Nirvana Sosyal

Anasayfa Künye Danışmanlar Arşiv SonEklenenler Sosyal Bilimler Bilimsel Makaleler Sosyoloji Fikir Yazıları Psikoloji-Sosyal Psikoloji Antropoloji Tarih Ekonomi Eğitim Bilimleri Hukuk Siyaset Bilim Coğrafya İlahiyat-Teoloji Psikolojik Danışma ve Rehberlik Felsefe-Mantık Ontoloji Epistemoloji Etik Estetik Dil Felsefesi Din Felsefesi Bilim Felsefesi Eğitim Felsefesi Yaşam Bilimleri Biyoloji Sağlık Bilimleri Fütüroloji Edebiyat Sinema Müzik Kitap Tanıtımı Haberler Duyurular İletişim
Araş. Gör. Dr. Ali Han Babuççu ile “Varoluşçuluk” Üzerine

Araş. Gör. Dr. Ali Han Babuççu ile “Varoluşçuluk” Üzerine

Felsefe-Mantık 22 Aralık 2023 17:41 - Okunma sayısı: 1.094

Araş. Gör. Dr. Ali Han Babuççu Hamit Ölçer

Araş. Gör. Dr. Ali Han Babuççu ile “Varoluşçuluk” Üzerine

Sayın Arş. Gör. Dr. Ali Han Babuççu kısaca kendinizden bahseder misiniz?

1989 yılında doğdum. Lisans eğitimimi Uludağ Üniversitesi felsefe bölümünde, 2013 yılında “Jorge Luis Borges’te Zaman ve Gerçeklik” adlı bitirme çalışmasıyla tamamladım. Yine aynı üniversitede 2016 yılında “Presokratiklerden Platon’a Antik Yunan’da Logos Kavramı” üzerine yazdığım tezle yüksek lisansımı tamamladım. Doktoramı ise “Nietzsche ve Erken Alman Romantiklerinde Sanat ve Edebi Form” başlıklı tez ile yine Uludağ Üniversitesi felsefe bölümünde tamamladım. 2015 yılından bu yana Uludağ Üniversitesi felsefe bölümünde araştırma görevlisi olarak çalışmaktayım.

Lisans döneminde 2011-2012 yılları arasında Erasmus programı ile bir sene Polonya Wroclaw Üniversitesinde bulundum. Doktora çalışmam sırasında ise 2019-2020 yılları arasında Secondos bursu ile bir dönem Avusturya’da bulunan Leopold-Franzens-Universität Innsbruck’ta ve 2021-2022 yılları arasında ise Tubitak doktora sırası araştırma bursu ile bir sene Albert-Ludwigs-Universität Freiburg’ta Prof. Dr. Andreas Urs Sommer danışmanlığında Nietzsche felsefesi üzerine araştırmalarda bulundum. Çalışmalarım arasında Nietzsche felsefesi, erken dönem Alman romantikleri, Antik Yunan felsefesi, felsefe ve edebiyat ilişkisi gibi konular vardır.

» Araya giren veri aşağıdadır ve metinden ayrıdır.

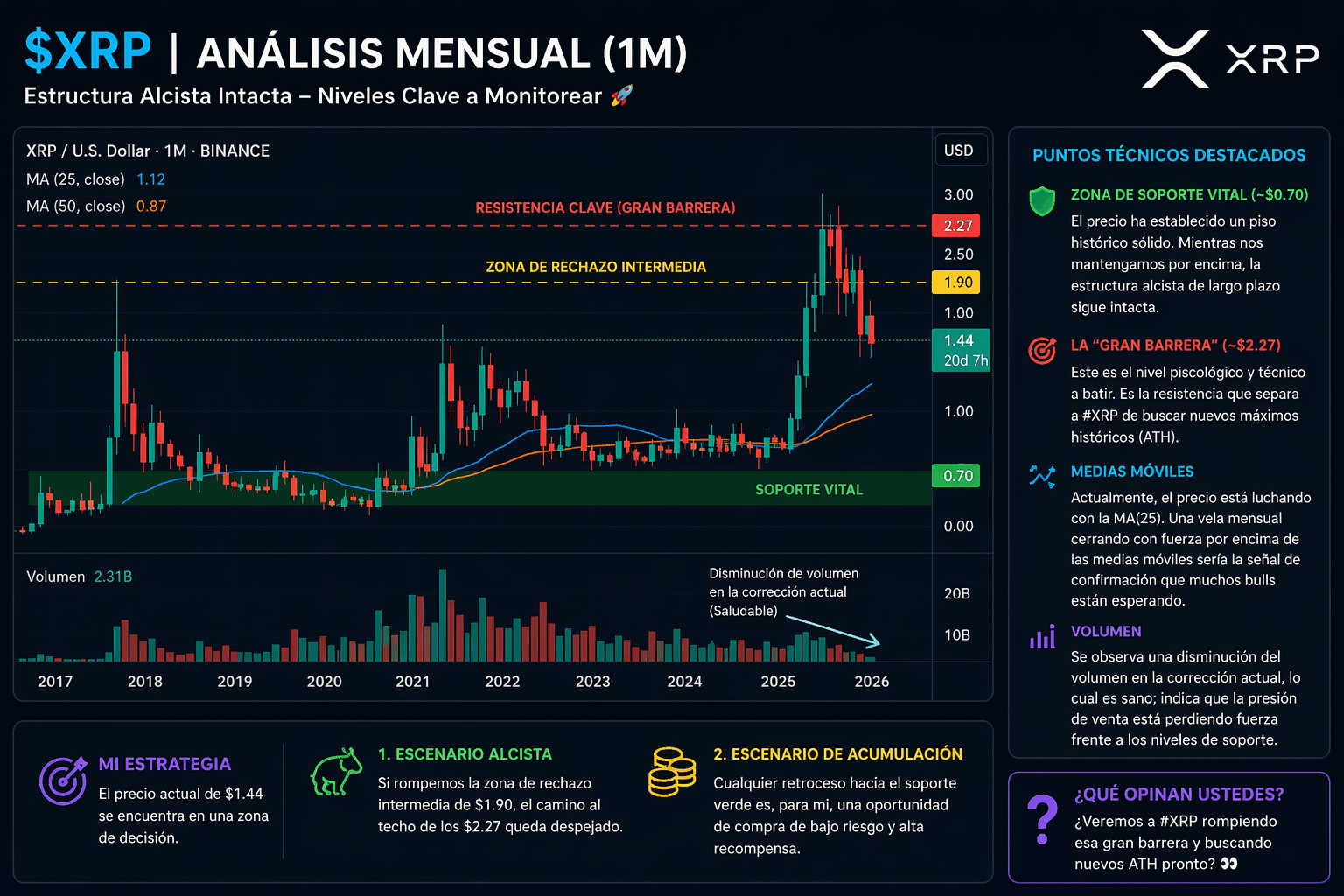 Mirando el gráfico de $XRP en temporalidad de 1 mes (1M), vemos un escenario de "limpieza" tras el último rally. Aquí los puntos clave para monitorear:

Soru 1. “Varoluşçuluk” derken bundan tam olarak neyi anlıyoruz? Başka bir deyişle varoluşçuluğu savunan düşünürler bize neyi söylemeye çalışmaktadırlar? Bu konuda bize kısaca bilgi verebilir misiniz?

Varoluşçuluk’tan bahsettiğimizde, konuyla biraz ilgilenen herkesin hemen aklına gelen, artık klişe olmuş birtakım kalıplar vardır. Bu soru birisine sorulduğunda genelde bu kalıplarla cevap verilir. Buna göre teist ve ateist varoluşçular vardır. Nietzsche, Heidegger, Sartre gibi düşünürler ateist kanatta, Gabriel Marcel ve Kierkegaard gibi düşünürler ise teist kanatta yer alır. Hiç şüphesiz bu kalıplaşmış görüşte bir doğruluk payı vardır. Zaten bu görüşü dile getiren bizzat Sartre’ın kendisidir. Sartre ünlü “Varoluşçuluk” metninde bu ayrımı yapmış, Heidegger ile kendisini ateist kanatta yer alan varoluşçular olarak adlandırmıştır. Fakat yine de bu türden tasniflere dikkatle yaklaşmamız gerekir. Varoluşçuluğu ele alan metinler, Sokrates’ten Aziz Augustinus’a ve Pascal’a, Nietzsche ve Kierkegaard’dan Heidegger, Sartre ve Camus’ye kadar birçok filozofun yanı sıra Dostoyevski, Kafka, Rilke gibi birçok edebiyatçıyı da varoluşçuluk içerisinde değerlendirirler. Oysa bugün kitaplarda varoluşçu olarak adlandırılan bu filozofların birçoğu kendisini varoluşçu olarak adlandırmamıştır. Hatta içlerinden bazıları ısrarla içerisine hapsedilmeye çalışıldıkları bütün “izm”lerden kurtulmaya çalışmışlardır. Bu da sebepsiz değildir hiç şüphesiz. Bir düşünürü, bir filozofu ya da onun düşüncesini belirli bir “izm” çerçevesinde anlamlandırmaya çalışmak insana o düşünürü anlamakta kolaylık sağlasa da indirgemeci olma tehlikesini taşır. Düşüncenin zenginliğini, söz konusu kalıba uymayan farklılığını gözden kaçırmamıza neden olabilir. Bu varoluşçuluk için de geçerlidir. Dahası yukarıda andığım düşünürlerin neredeyse hiçbiri kendisini doğrudan varoluşçu olarak adlandırmamıştır. Sadece Sartre doğrudan kendisini varoluşçu olarak adlandırır. Gerçi Sartre bile ölümünden beş sene önce verdiği bir röportajda, bu sözcüğü kendisinin seçmediğini, kendisine getirip yamadıklarını söyler ve “bugün olsaydı kabul etmezdim” diye ekler. Bütün bunlardan bahsetmeyi oldukça önemli buluyorum çünkü söz konusu düşünürlerin hepsini tek potada eritmenin oldukça sakıncalı olduğunu düşünüyorum. Bütün bu düşünürler sokulmak istendikleri kalıplardan çok daha zengin düşüncelere sahip figürlerdir. Bunu belirtmekte fayda var.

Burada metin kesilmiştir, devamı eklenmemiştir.